Roots: \(z = 1, -1, 3, -2\)

Glossary of Terms

Polynomial
An expression consisting of variables and coefficients using only addition, subtraction, multiplication, and non-negative integer exponents
Degree
The highest power of the variable in a polynomial
Coefficient
The numerical factor in a term of a polynomial
Root (or Zero)
A value of the variable that makes the polynomial equal to zero
Multiplicity
The number of times a particular root appears in the factorization of a polynomial
Discriminant
For a quadratic polynomial \(az^2 + bz + c\), the value \(b^2 - 4ac\) that determines the nature of the roots
Factor
A polynomial that divides another polynomial with zero remainder
Division Algorithm
A method for dividing one polynomial by another to obtain a quotient and remainder
Taylor Polynomial
A polynomial approximation of a function based on its derivatives at a specific point
Transfer Function
A mathematical representation of the relationship between input and output of a system, often expressed as a ratio of polynomials

Conclusion

Polynomials are powerful mathematical tools with applications across various engineering disciplines.

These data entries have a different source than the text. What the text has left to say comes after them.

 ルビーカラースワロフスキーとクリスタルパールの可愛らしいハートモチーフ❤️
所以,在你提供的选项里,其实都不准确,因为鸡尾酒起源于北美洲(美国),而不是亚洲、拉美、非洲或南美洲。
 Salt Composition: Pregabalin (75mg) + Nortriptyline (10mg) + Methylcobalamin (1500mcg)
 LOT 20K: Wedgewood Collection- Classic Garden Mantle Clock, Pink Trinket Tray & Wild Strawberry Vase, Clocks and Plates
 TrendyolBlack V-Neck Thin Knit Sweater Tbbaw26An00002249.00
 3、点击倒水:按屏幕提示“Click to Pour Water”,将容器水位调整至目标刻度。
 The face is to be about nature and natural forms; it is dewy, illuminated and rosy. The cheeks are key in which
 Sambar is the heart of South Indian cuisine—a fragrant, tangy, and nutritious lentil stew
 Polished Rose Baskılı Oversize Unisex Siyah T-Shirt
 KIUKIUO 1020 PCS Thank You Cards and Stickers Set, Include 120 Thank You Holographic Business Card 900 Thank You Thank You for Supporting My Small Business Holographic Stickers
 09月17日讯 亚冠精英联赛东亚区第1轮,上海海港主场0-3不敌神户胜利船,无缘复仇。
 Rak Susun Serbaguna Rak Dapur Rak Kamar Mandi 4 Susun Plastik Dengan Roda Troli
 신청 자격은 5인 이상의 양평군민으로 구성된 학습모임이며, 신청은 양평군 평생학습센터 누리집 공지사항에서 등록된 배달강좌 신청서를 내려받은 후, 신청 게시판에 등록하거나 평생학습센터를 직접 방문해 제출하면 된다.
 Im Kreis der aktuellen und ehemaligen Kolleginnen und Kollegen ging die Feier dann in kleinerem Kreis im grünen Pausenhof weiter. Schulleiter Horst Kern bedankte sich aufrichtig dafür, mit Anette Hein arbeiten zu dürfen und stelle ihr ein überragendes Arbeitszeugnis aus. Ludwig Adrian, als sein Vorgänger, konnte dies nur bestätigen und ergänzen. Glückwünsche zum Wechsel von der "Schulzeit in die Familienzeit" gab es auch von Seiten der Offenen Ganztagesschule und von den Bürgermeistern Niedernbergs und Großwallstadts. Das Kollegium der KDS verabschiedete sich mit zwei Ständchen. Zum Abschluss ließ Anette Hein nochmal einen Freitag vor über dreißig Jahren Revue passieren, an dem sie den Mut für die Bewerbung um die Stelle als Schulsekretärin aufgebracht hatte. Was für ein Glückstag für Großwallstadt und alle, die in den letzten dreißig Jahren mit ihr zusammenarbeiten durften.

From representing transfer functions in control systems to approximating complex behaviors through Taylor polynomials, they provide a foundation for much of mathematical modeling in engineering.

Understanding the properties of polynomials, especially their roots and factorization methods, enables engineers to analyze system behavior, stability, and response characteristics. This knowledge is essential for designing and optimizing systems in electrical, mechanical, and other engineering fields.